Dokter gigi yang kena aids Seorang dokter gigi meninggal dunia di jakarta, karena penyakit aids. ia
belajar, dan tinggal di jerman. diduga homoseks. kimberly bergalis meninggal
krn terkena hiv dari dokter gigi yg merawatnya |
KIMBERLEY Bergalis, 23 tahun, meninggal karena AIDS di Amerika Serikat, dua
pekan lalu. Ia terjangkit HIV dari dokter gigi yang merawatnya. Bersamaan
dengan berita ini, terdengar kabar seorang dokter gigi di Yogya tertular HIV.

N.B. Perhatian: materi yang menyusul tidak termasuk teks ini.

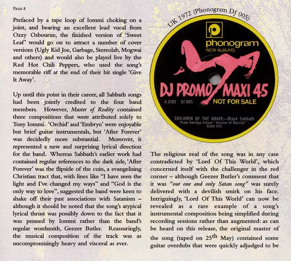 Wszystko, co obecnie nazywa się doom lub stoner metalem, prawdopodobnie zaczęło się tutaj. Gitarzysta Tommi Iommi stroi swoją gitarę, aby ułatwić sobie grę. Trzy półtony w dół, znajduje "bardziej masywne i cięższe brzmienie" i zmusza basistę Geezera Butlera do zrobienia tego samego. Rezultat rezonuje z pokoleniami muzyków - czy to Nirvana, Sound...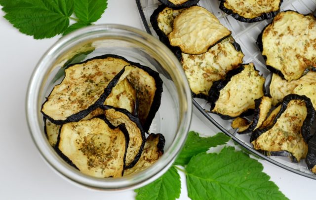 És necessari assecar les albergínies durant l’hivern fins que estiguin completament cuites, ja que aquest producte no està subjecte a un emmagatzematge a llarg termini en forma de cocció a mitja al forn. La condició de les verdures seques es troba entre les seques i les fregides. Podeu determinar la preparació si feu clic a la fruita. Si la peça és lleugerament elàstica, ja està llesta.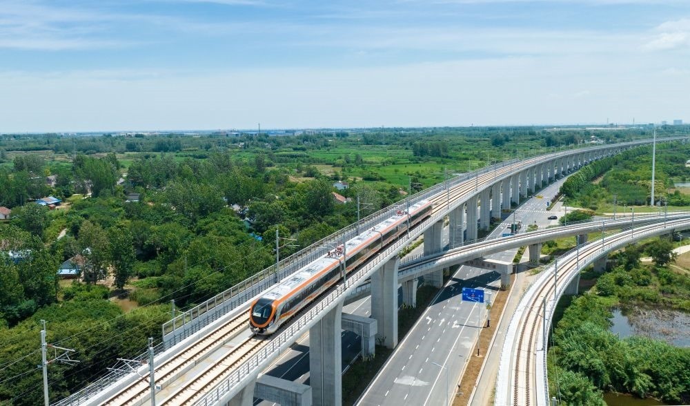 這是在安徽省滁州市來(lái)安縣境內(nèi)拍攝的滁寧城際鐵路列車(chē)(2023年6月28日攝,無(wú)人機(jī)照片)。當(dāng)日,滁寧城際鐵路滁州段開(kāi)通運(yùn)營(yíng)。滁寧城際鐵路西起滁州高鐵站,止于正在規(guī)劃建設(shè)中的南京北站,全長(zhǎng)約55公里。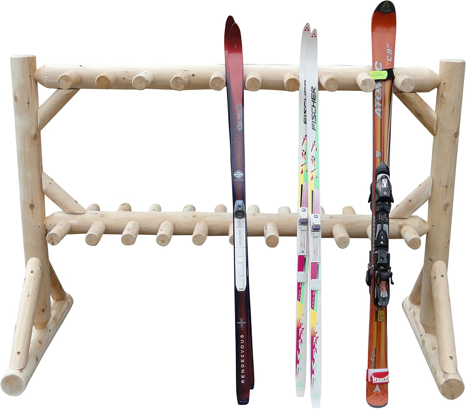 - HANDMADE IN NORTHERN WISCONSIN BY LOG ARTISANS: Handcrafted in the USA by experienced builders, this ski storage rack for garage showcases years of woodworking expertise. Built by artisans who specialize in log homes and furniture, it supports all your cold-weather gear. Whether you're organizing a home setup or commercial site, this garage ski rack or snowboard stand offers authentic craftsmanship and dependable performance.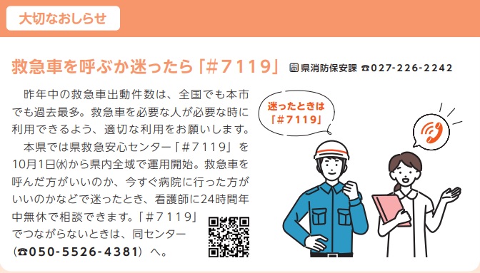 【外部サイト】救急安心センター事業(♯7119)|群馬県前橋市の子育て制度をわかりやすく|イクハク
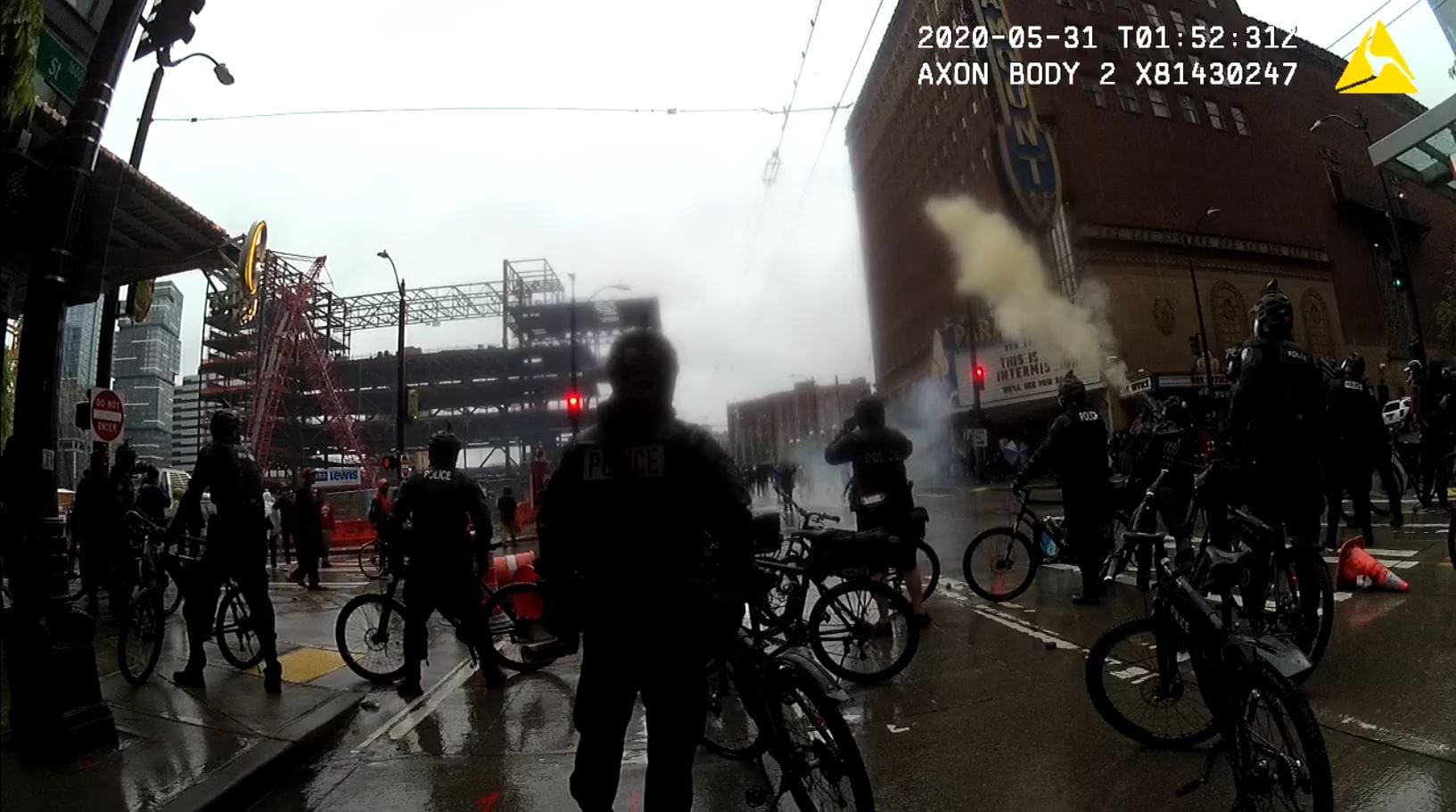 Body-worn video obtained through public records requests show Kent PD officers on the ground asking “What’s the plan?!” as they held hundreds of people back on May 30th, 2020. An SPD bike team sergeant rides up behind the line, and is asked “what’s the plan? Are we just holding for now, or..?” He replies, “I don’t know.”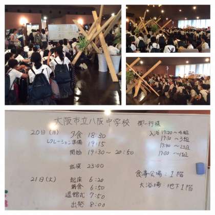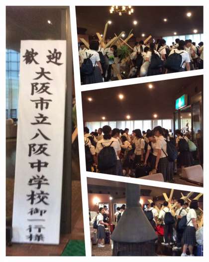 予定より早く、有明ホテルに到着しました。少し雨が降っているので、入館式は行わず、クラスごとに連絡。ベーロンで濡れているので、先に入浴できるように変更しました。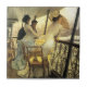 Fliese James Tissots Portsmouth. Ölmalerei auf Leinwand ab 1877. Französischer Maler James Tissot verbrachte viel seines Lebens in England, das herrliche Arbeiten viktorianische Kultur überprüfend malt. Portsmouth (die Galerie von H.M.S. Kalkutta) ist eine Arbeit, die zwei junge Frauen und einen jungen Seemann lounging ist auf dem Geländer eines Bootes im Hafen darstellt. Die elegante viktorianische Küste der Abnutzung mit zwei jungen Frauen kleidet mit fest geschnürten Korsetts und voller hastiger Geschäftigkeit an. Eine Frau trägt einen großen gelben Bogen, während die andere Babyblaubögen trägt, beide tragen extravagante Hüte und einen Griff ein sehr großer Fan. Einige Klappstühle sitzen leeres hinteres sie, während sie auf dem Geländer sich lehnen, und der Seemann hält kühl seinen Kopf in seiner Hand. Ein schönes Geschenk für Fans von Tissot, von viktorianischer Kunst, von Vintagen Bootsmalereien und Realismus von des 19. Jahrhunderts.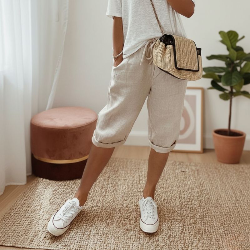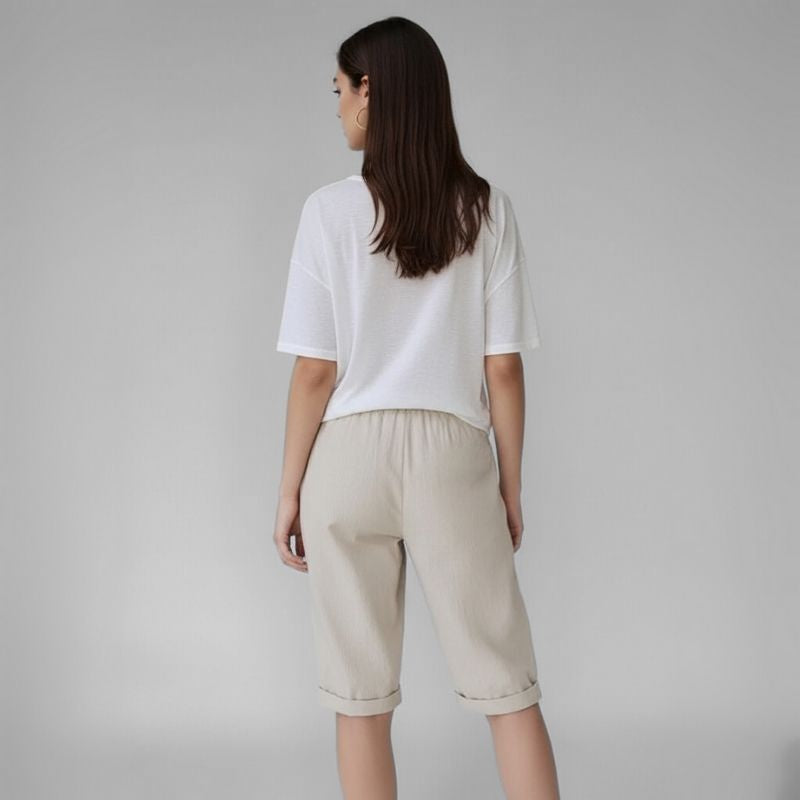 Não perca a oportunidade de garantir um visual moderno e confortável! Adquira agora a sua Bermuda Feminina Soltinha Algodão Bege Belle e destaque-se com muito estilo e praticidade!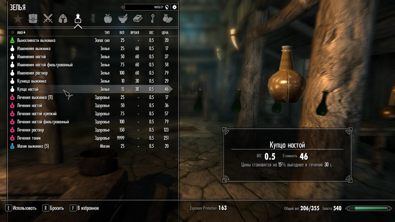 К сожалению, при переводе не вышло перенести идею автора о сортировке зелий и ядов в начале списка путём добавления пробелов перед названиями, но если вы привыкли к ванильной сортировке, то с этим проблем возникнуть не должно.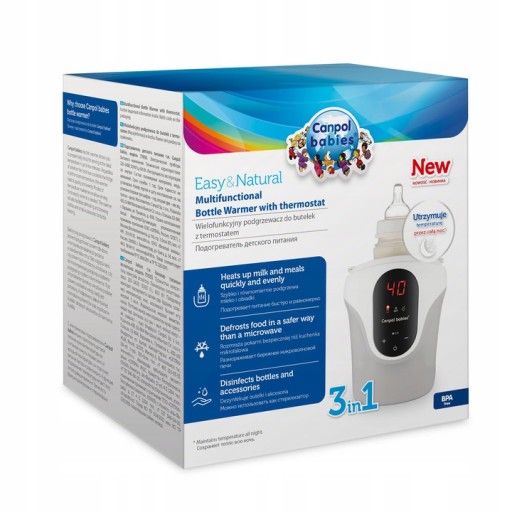 Електропідігрівач пляшечок 3 в 1 Canpol babies - багатофункціональний пристрій, який дозволяє легко і швидко приготувати їжу для малюка. Це гарантує комфорт і зручність використання. Має сенсорну та інтуїтивно зрозумілу панель управління та функцію підтримки температури - навіть всю ніч! Швидко та рівномірно розігріває молоко та обіди в баночках, безпечно розморожує, а за потреби також дезінфікує пляшечки та соски. Апарат працює в 3 режимах: пляшка - підтримка температури рідких продуктів до 10 годин, гарячий - швидкий розігрів і знезараження парою і обід - підтримка температури твердих продуктів до 3 годин. Підігрівач універсальний, підходить до більшості пляшечок і сосків, представлених на ринку. Це незамінний помічник кожної мами, яка годує з пляшечки, а згодом розширює раціон свого малюка.Â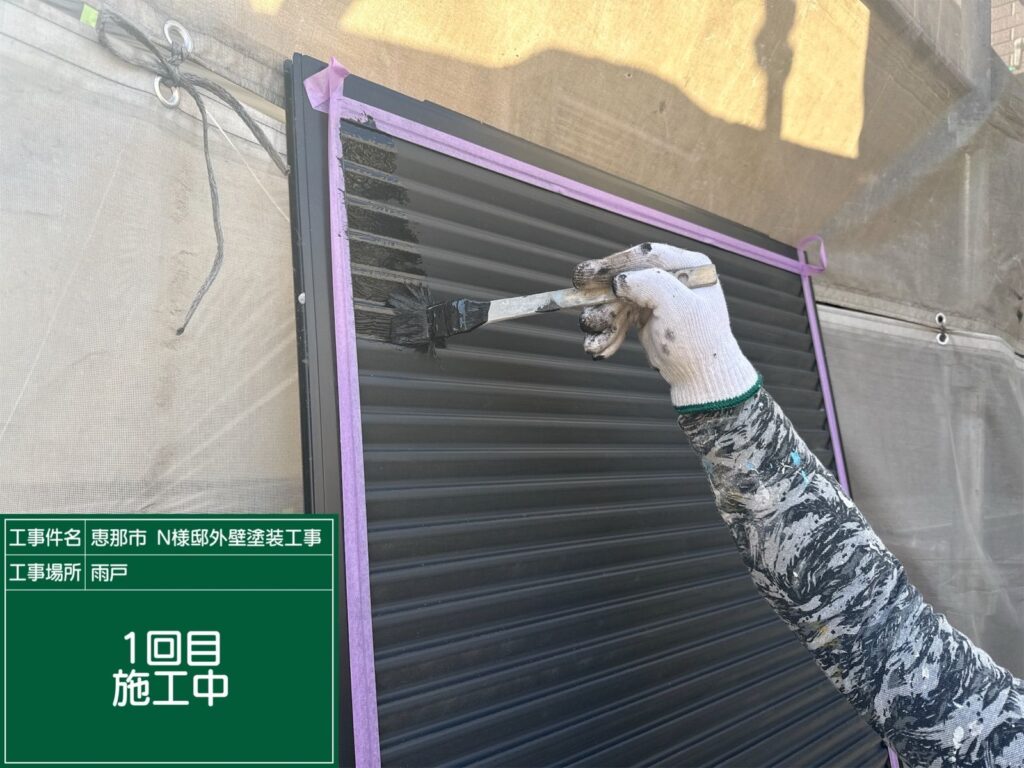上塗り塗装1回目の作業中です。細かい箇所は刷毛を使って丁寧に塗布していきます。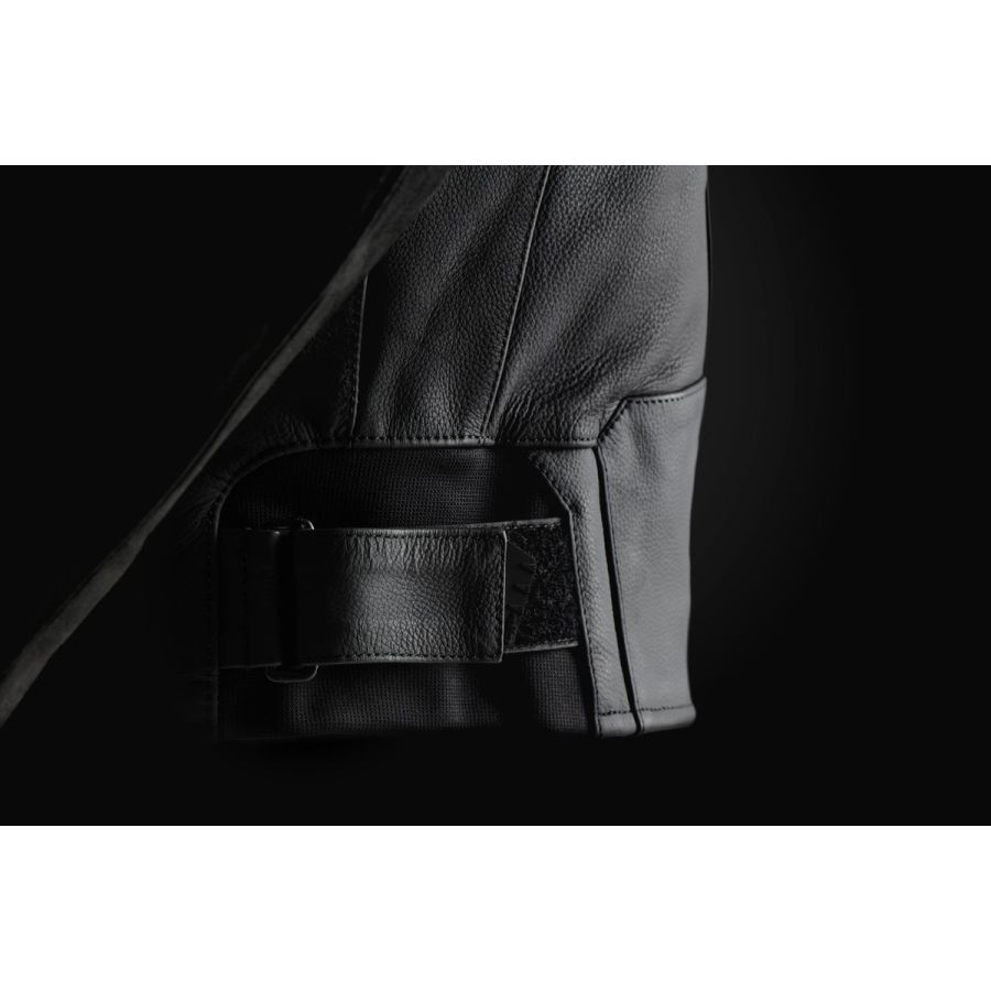 Le résultat est un blouson radical qui bénéficie des attributs de sa catégorie sans être trop exubérant : coques épaules, protections épaules et coudes D3O®, mix habile de cuirs et empiècements stretch pour un confort inégalé.
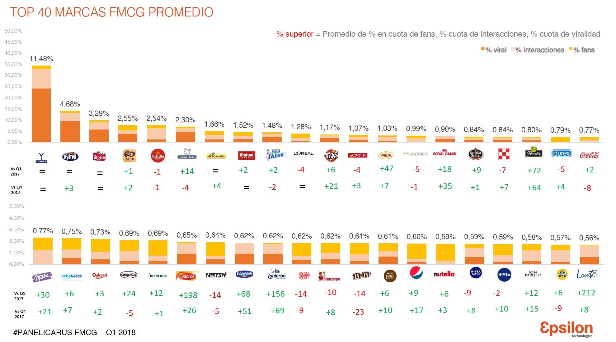 Según el Panel Icarus FMCG correspondiente al primer trimestre de 2018, las 10 marcas de Gran Consumo con mayor impacto en redes sociales en España han sido Ybarra, Fini, La Masía, Nestlé Postres, Estrella Damm, Gallina Blanca, Lacasitos, Mahou, La Lechera y L’Oréal. Destaca la subida de 198 puestos en el ranking de Ducros, Lanjarón (+156), Florette (+72), Valor (+47), Milka (+30), Conguitos (+24),Royal Canin (+18), Estrella Galicia (+9) y Trina (+6), que escalan con mucha fuerza respecto al mismo trimestre del año anterior.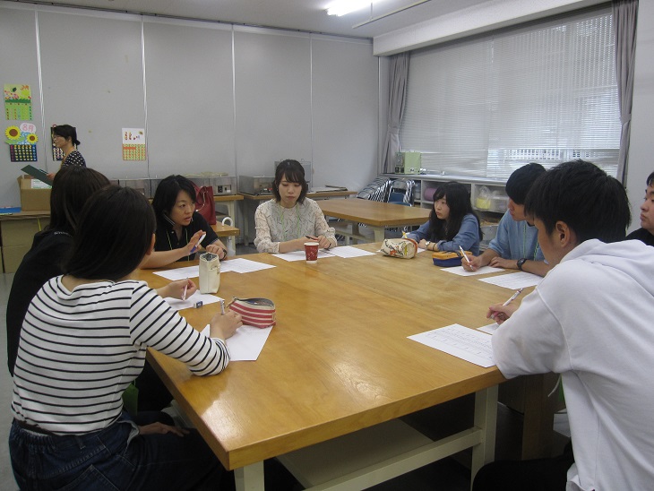 卒業生の方が丁寧に、3年生の実習に対する不安や悩み、疑問を聞いてくれます。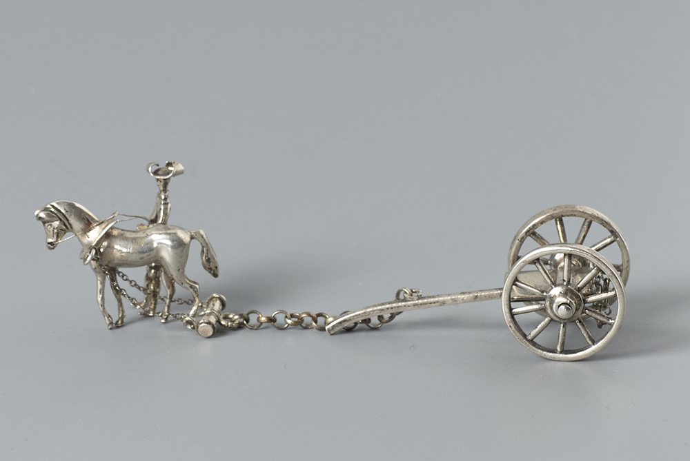 Eenvoudige kar met boom, ketting waarraan een paard met gareel en een man rechts van het paard met de teugels.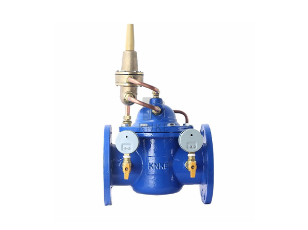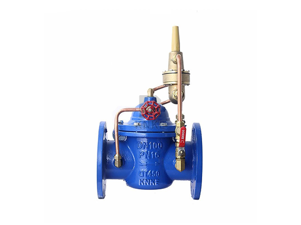 当主阀进出口间压差变化时,接管A与接管B间压差发生变化,此压差通过接管作用于导阀膜片两侧,改变导阀的开度。压差大时导阀开度大,控制室通过C管的下泄水量增大,主阀控制室压压力下降,主阀开度增大,主阀进出口间压差变小。反之,若主阀进出口间压差变小,则导阀开度变小,主阀控制室压力上升,推动主阀开度减小而使主阀压差增大。这种负反馈作用使主阀进出口间压差稳定在设定值上。设定针阀开度和导阀弹簧压力可设定主阀进出口间压差。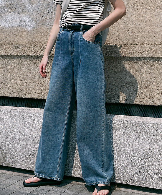 ストンと落ちるワイドなシルエットが魅力のデニムパンツは、カジュアルコーデの定番アイテム。レッグラインを拾わないゆとりのある形で、抜け感のあるリラックススタイルを叶えます。シンプルなのに存在感があり、どんなトップスともバランスよく決まる万能な一本です。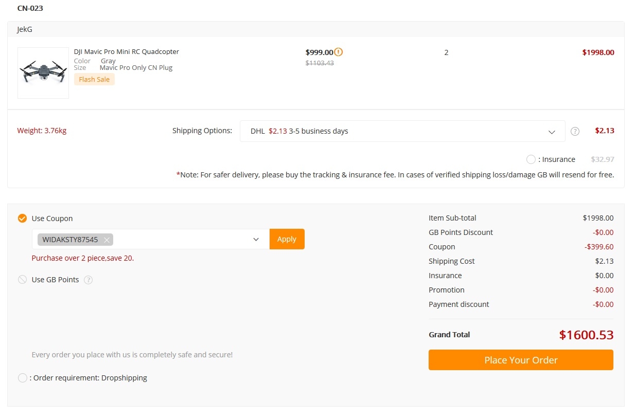 Az első esetbe tehát 2 Mavic 1600$, tehát mindkét gép egységár 800$ lesz!!!
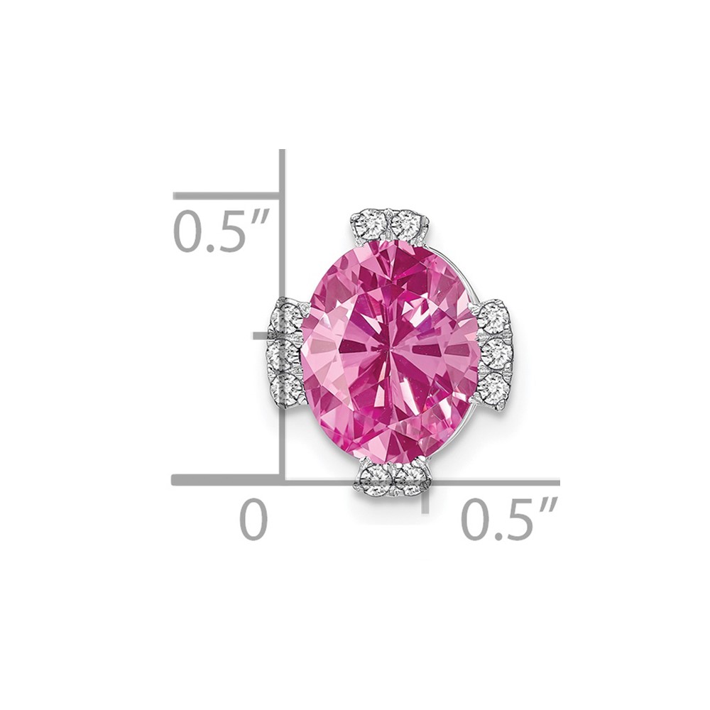 14k White Gold Oval Lab Created Pink Sapphire and Diamond Chain Slide

Kepala Kantor Wilayah Departemen Kesehatan Yogyakarta, Dokter Rochyat
Soetarma, membantah keras berita itu. "Tak ada dokter gigi yang terjangkit HIV
di Yogya. Kalau ada, saya pasti diberi tahu," katanya kepada Faried Cahyono
dari TEMPO. Dijelaskan bahwa belum pernah dilakukan tes darah di kalangan
dokter gigi di Yogya.
Kasus dokter gigi yang kena AIDS itu memang ada. Bukan di Yogya, melainkan di
Jakarta. Warga negara Indonesia ini belajar, lulus, dan tinggal di Jerman. Ia
tak berpraktek di Jakarta. Juni lalu ia pulang dengan maksud mengunjungi
ibunya di sini.
Dalam kunjungan itu kondisinya memburuk. Ia dirawat di sebuah rumah sakit di
Jakarta. Data medis: di Jerman dokter berusia sekitar 30 tahun ini sudah
dirawat sebagai pasien AIDS.
Pemeriksaan menunjukkan adanya infeksi oportunistis. Selain radang paru-paru,
pneumosistis carnii, kuman alat pencernaan telah berkembang biak dan merusak
tubuh karena turunnya kekebalan. Dari pemeriksaan laboratoris terlihat bahwa
virus HIV sudah menyerang otak penderita. Ketika masuk perawatan, penderita
tak sadarkan diri. Harapan hidupnya tipis. Namun, para dokter tetap berusaha
memberikan antibiotik, infus nutrisi, dan obat AZT. Usaha ini berjalan satu
minggu, tapi pada bulan Juni itu penderita meninggal dunia.
Karena pasien dalam keadaan pingsan terus, para dokter tidak bisa melakukan
wawancara. Namun, dari penuturan kawan dekat yang mengantarnya, seorang pria
Jerman, ada kemungkinan, pasien itu seorang homoseks. Kawannya tahu bahwa
dokter gigi ini sudah lama mengidap HIV. Berdasarkan penuturan kawan tadi,
penularan HIV terjadi memang bukan di Indonesia.
Dokter gigi itu dimakamkan di Jakarta. Semua prosedur yang lazim telah
dilakukan oleh dokter yang merawatnya. Antara lain, mengirimkan data medis ke
rumah sakit di Jerman yang sebelumnya merawat si penderita itu.